**TASK INPUT**
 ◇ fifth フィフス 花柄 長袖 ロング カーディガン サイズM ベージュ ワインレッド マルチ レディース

--

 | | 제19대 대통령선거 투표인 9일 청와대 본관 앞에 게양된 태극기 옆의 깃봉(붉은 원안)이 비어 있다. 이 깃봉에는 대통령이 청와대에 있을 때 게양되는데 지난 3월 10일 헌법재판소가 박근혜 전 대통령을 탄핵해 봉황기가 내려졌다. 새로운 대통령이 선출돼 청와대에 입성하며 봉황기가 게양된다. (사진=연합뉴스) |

==

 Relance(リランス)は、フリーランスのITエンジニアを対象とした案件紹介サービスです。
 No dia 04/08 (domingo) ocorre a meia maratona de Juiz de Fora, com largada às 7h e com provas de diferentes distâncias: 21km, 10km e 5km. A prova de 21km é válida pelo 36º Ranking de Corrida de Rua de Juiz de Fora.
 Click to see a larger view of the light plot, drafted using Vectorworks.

**EXERCISE PROMPT**
Once you find the line with "No dia 04/08" in the entries above, output it and each line after it up to and including the line with "Click to see", and nothing else.

**OUTPUT OF THE EXERCISE**
 No dia 04/08 (domingo) ocorre a meia maratona de Juiz de Fora, com largada às 7h e com provas de diferentes distâncias: 21km, 10km e 5km. A prova de 21km é válida pelo 36º Ranking de Corrida de Rua de Juiz de Fora.
 Click to see a larger view of the light plot, drafted using Vectorworks.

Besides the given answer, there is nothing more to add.